BRIEF DESCRIPTION OF DRAWINGS
[0016] FIG. 1 is a schematic configuration diagram of a measurement
apparatus for performing an infrared radiation function test.
DESCRIPTION OF EMBODIMENTS
[0017] A preferred embodiment of a functional fiber according to
the present invention will be presented and described in detail
below in relation to a manufacturing method for manufacturing the
same.
[0018] As will be described later, the functional fiber according
to the present invention includes a fiber material which is
imparted with an infrared radiation function and a deodorizing and
antibacterial function. The type of fiber material is not
particularly limited, and may contain only natural fibers, only
synthetic fibers, or both of such fibers.

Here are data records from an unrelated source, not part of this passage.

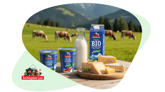 Na alpských loukách se krávy volně pasou na horských bylinkách. Díky tomu mají BIO mléko i z něj vyrobené sýry a jogurty lahodnou chuť, smetanovou barvu a vůni, která odráží čistotu hor. Ochutnejte čerstvé alpské mléko, tvoroh nebo jogurty značky Berchtesgadener Land zbavené laktóty přírodní cestou.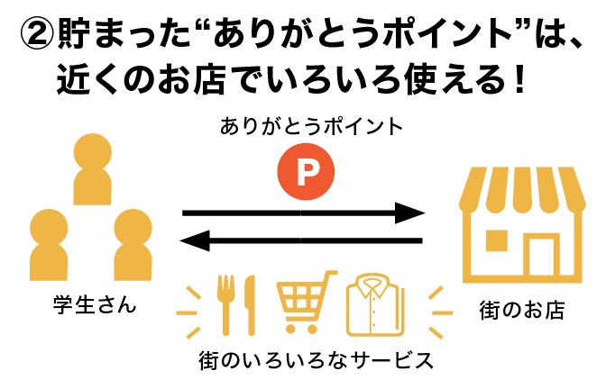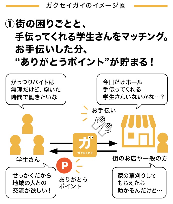 街の困りごとと、手伝ってくれる学生を『ガクセイガイ』のwebアプリを通してマッチングをして、手伝った分が“ありがとうポイント”として貯まる。貯まったポイントは近くの店舗で使用できるという仕組みだ。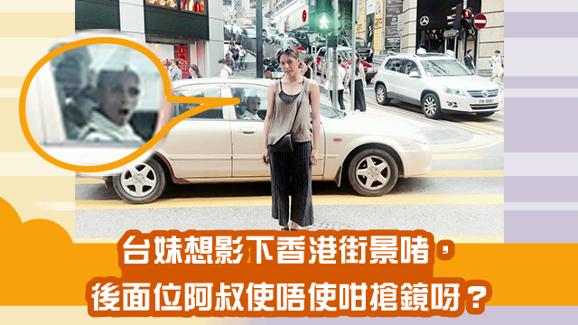 話說有個台灣妹豬最近就嚟咗香港玩,諗住企喺馬路影張懶型嘅街景相啦,點知竟然畀後面個阿叔個「唔L係啩嘴」搶晒fo,搞到佢呃唔到Like喎……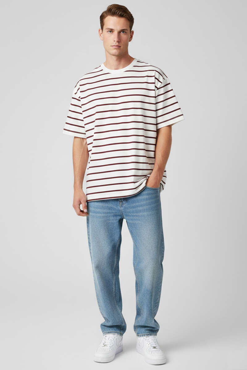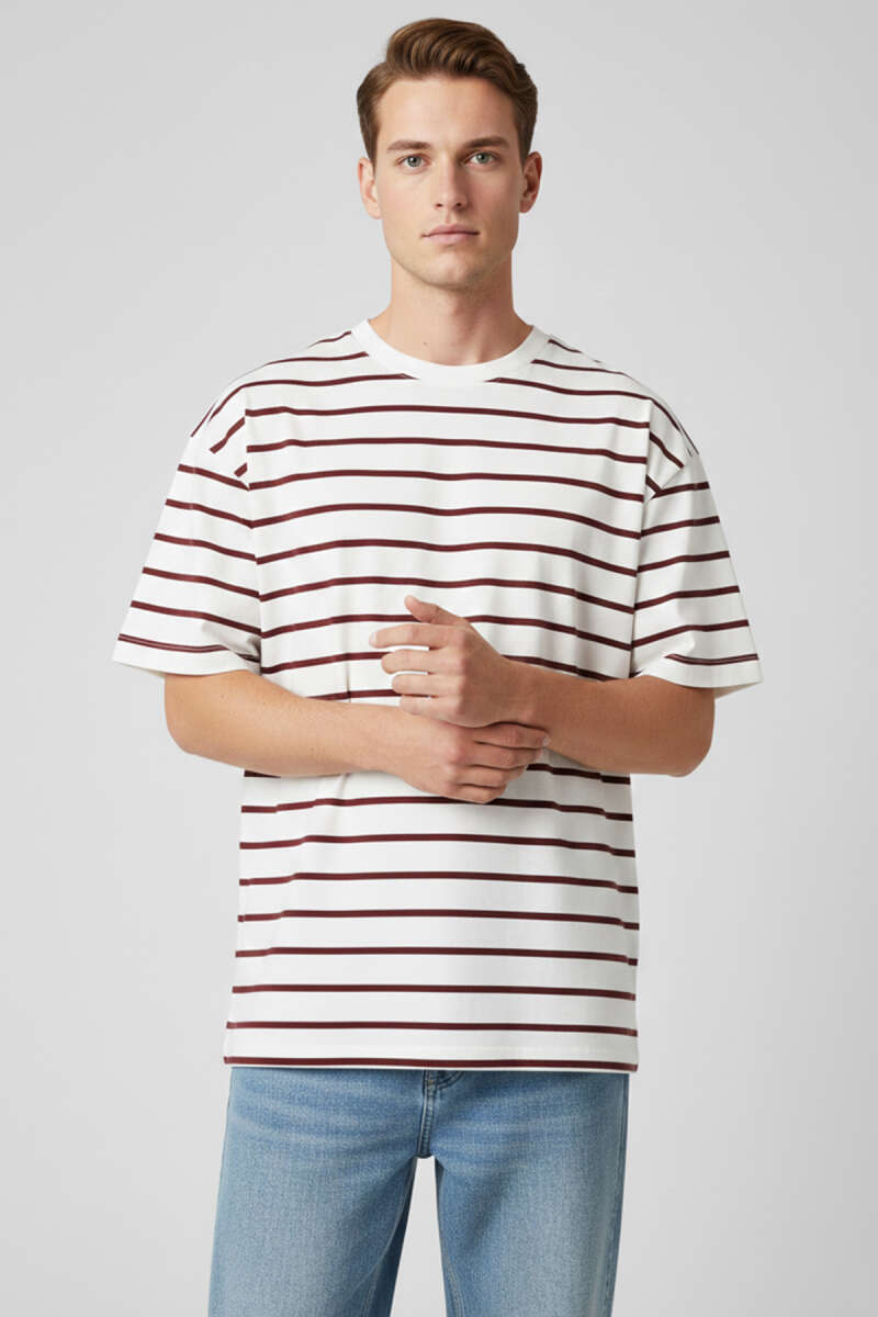 Çizgili Oversize Erkek T-shirt Bordo

[0019] The natural fibers may contain only cellulose fibers, only
animal fibers, or both of such fibers. As representative cellulose
fibers, there may be cited cotton which is a natural plant fiber,
but the cellulose fibers may also be hemp fibers such as ramie,
linen, hemp, jute, manila hemp, sisal hemp, or the like. Further,
the cellulose fibers may be composed of so-called regenerated
fibers obtained by dissolving natural cellulose in a predetermined
solvent and then molding it into a fibrous form. Specific examples
of this type of regenerated fiber include rayon, polynosic, cupra,
and Tencel (registered trademark of Lenzing AG, Austria).
[0020] Representative examples of animal fibers include silk, wool,
or animal hair fibers. Specific examples of animal hair fibers
include alpaca, mohair, angora, cashmere, camel, vicugna, and the
like.
[0021] Examples of synthetic fibers include polyester, acrylic,
polyurethane, aliphatic polyamide-based fibers (including 6-nylon
and 6,6-nylon), aromatic polyamide-based fibers, and the like.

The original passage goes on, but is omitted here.